Rodney Hall, A stolen season (#BookReview)

Rodney Hall, A stolen seasonRodney Hall is one of those Australian authors who deserves more attention than he seems to get. Consequently, I’m thrilled to at last include him in my blog, with his latest novel A stolen season. I was introduced to Hall back in the late 1980s when my reading group read his surprising novel, Just relations, and I’ve also read another surprising novel by him, The day we had Hitler home. Hall is good at surprising, because A stolen season isn’t exactly run-of-the-mill, either, in terms of its characters and set-up.

It’s a tricksy book comprising three different, more-or-less alternating, story-lines. The chapters go like this: Adam and Bridget, Marianna, Adam and Bridget, John Philip, Adam and Bridget, Marianna, Adam and Bridget.

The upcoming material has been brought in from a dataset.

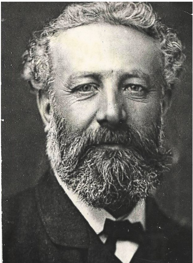
Jules Verne, l'un des plus grands écrivains français, est né à Nantes en 1828. Il est mort à Amiens en 1905.

Quel virus avait piqué le grand écrivain populaire ? Celui du voyage ? Plutôt celui de la science, qui lui permettait de mêler vulgarisation et impressionnante imagination. Certes, il se dit que Jules Verne a tenté, très jeune, d'embarquer depuis Paimboeuf, sur les bords de Loire entre Nantes et Saint-Nazaire... Il a très vite été rattrapé par son père.

Adam and Bridget, then, form the driving story, and there seems to be no connection between the three sets of characters for a very, very long time. Indeed, by the middle story, John Philip, the only literal connection is a minor character from the first Adam-and-Bridget chapter appearing as a rather minor character in this one. Later, a similarly loose, not-exactly-direct, connection occurs between Adam and Marianna. What gives, we wonder? Who are Marianna and John Philip? Why are we also reading about them? And, will they all ever actually meet, as we expect in novels like this? Well, all I’ll say is that Hall does not, as is probably his wont, do the expected. No, I’ll say more in fact: if we focus our energies on worrying about this structural plot issue, we risk missing what’s important, which is the overarching idea that gradually reveals itself, an idea relating to money and power, and to the way they can not only deceive but actively generate inhumane/anti-human values.

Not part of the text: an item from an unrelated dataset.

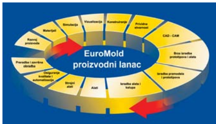
SLIKA 1. Proizvodni lanac

Od 5. do 8. prosinca 2007. u Frankfurtom sajamskom centru održana je 14. priredba alatničarstva i brze proizvodnje EuroMold 2007. Riječ je svakako o najvećem europskom događaju posvećenom alatničarstvu i postupcima brze proizvodnje, a moguće ga je svrstati i u vodeće svjetske priredbe. Sajam EuroMold 2007 posjetilo je više od 61 700 posjetitelja iz 83 zemlje, kako bi se informirali o stanju tehnike, novim konceptima i strategijama. Ovogodišnji slogan priredbe glasio je From Design to Prototyping to Series Production (Od konstrukcije do prototipa do serijske proizvodnje), čime se naglašava potreba za razmatranjem čitavog procesa od ideje do gotovog proizvoda (slika 1), a ne samo koncentracija na pojedine segmente toga procesa.

The main story, Adam and Bridget’s, centres on soldier Adam. He returns from fighting with the Coalition of the Willing in Iraq so severely damaged that he can only live, get around, by means of an exoskeleton (the “Contraption”) that is activated and controlled by his brain, something which Hall explains at the end is not complete science fiction. Adam and Bridget’s story is surprising from the beginning, because, while we realise that this injured soldier, Adam, whom we’ve just met, has a wife, we don’t realise, until he arrives home, that the marriage was essentially over by the time he’d gone to war. This was not because they hated each other but because they’d married on a whim – “it seemed a fun thing to do at the time, but they were just kids and kidding” – and the marriage had run its course. Unfortunately for Bridget, she had never got around to legally leaving Adam after he had physically left her to go to war, because it had never seemed necessary. Now what was she to do?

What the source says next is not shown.